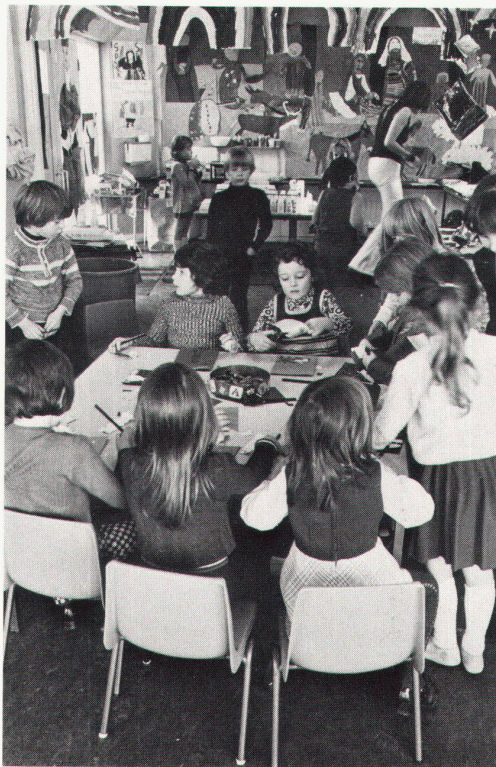
Une classe froide et nue peut devenir une pièce sympathique et confortable si l'on permet aux enfants d'arranger l'espace à leur gré et avec leurs propres moyens et si on les aide à le faire. L'influence des élèves sur leur environnement ne devrait pas s'arrêter à la porte de la classe, mais s'exercer également sur les couloirs et les salles communes de l'école. Ecole primaire londonienne dans un quartier moderne de banlieue

Aus einem kahlen Schulzimmer wird eine gemütliche Schulstube, wenn man den Kindern erlaubt und hilft, den Raum durch eigene Mittel zu gestalten. Der Einfluss der Schüler auf die Umgebung sollte bei der Türe des Klassenzimmers nicht haltmachen, sondern auch auf die Korridore und die Gemeinschaftsräume der Schule übergreifen. Londoner Primarschule in einem modernen Aussenquartier
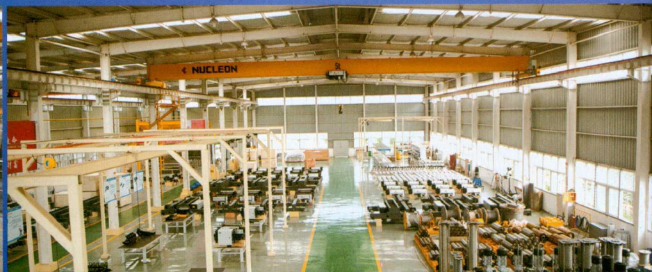
新型葫芦装配车间
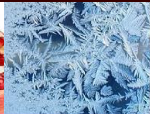
BOTOX EFFECT ALGINATE MASK Argireline—Myorelaxing
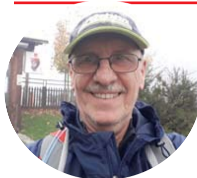
Aktivan i u umirovljeničkim danima

Organizirao je školska natjecanja u različitim sportskim disciplinama, a vrlo brzo uključio se u rad Hrvatskog školskog sportskog saveza. U dvama mandatima bio je član i Izvršnog odbora Hrvatskog školskog sportskog saveza. Deset godina sudjelovao je u organizaciji državnih prvenstava, kao koordinator rukometnih natjecanja, a dvije godine bio je glavni disciplinski sudac na državnim završnicama.
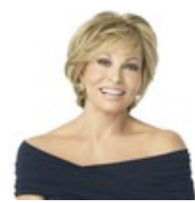
Virginia Luxe 699€ **** 12 coloris

#### [Exercise requirements]
With the images left out, set down each record exactly as it appears.

#### [Exercise response]
Une classe froide et nue peut devenir une pièce sympathique et confortable si l'on permet aux enfants d'arranger l'espace à leur gré et avec leurs propres moyens et si on les aide à le faire. L'influence des élèves sur leur environnement ne devrait pas s'arrêter à la porte de la classe, mais s'exercer également sur les couloirs et les salles communes de l'école. Ecole primaire londonienne dans un quartier moderne de banlieue

Aus einem kahlen Schulzimmer wird eine gemütliche Schulstube, wenn man den Kindern erlaubt und hilft, den Raum durch eigene Mittel zu gestalten. Der Einfluss der Schüler auf die Umgebung sollte bei der Türe des Klassenzimmers nicht haltmachen, sondern auch auf die Korridore und die Gemeinschaftsräume der Schule übergreifen. Londoner Primarschule in einem modernen Aussenquartier
新型葫芦装配车间
BOTOX EFFECT ALGINATE MASK Argireline—Myorelaxing
Aktivan i u umirovljeničkim danima

Organizirao je školska natjecanja u različitim sportskim disciplinama, a vrlo brzo uključio se u rad Hrvatskog školskog sportskog saveza. U dvama mandatima bio je član i Izvršnog odbora Hrvatskog školskog sportskog saveza. Deset godina sudjelovao je u organizaciji državnih prvenstava, kao koordinator rukometnih natjecanja, a dvije godine bio je glavni disciplinski sudac na državnim završnicama.
Virginia Luxe 699€ **** 12 coloris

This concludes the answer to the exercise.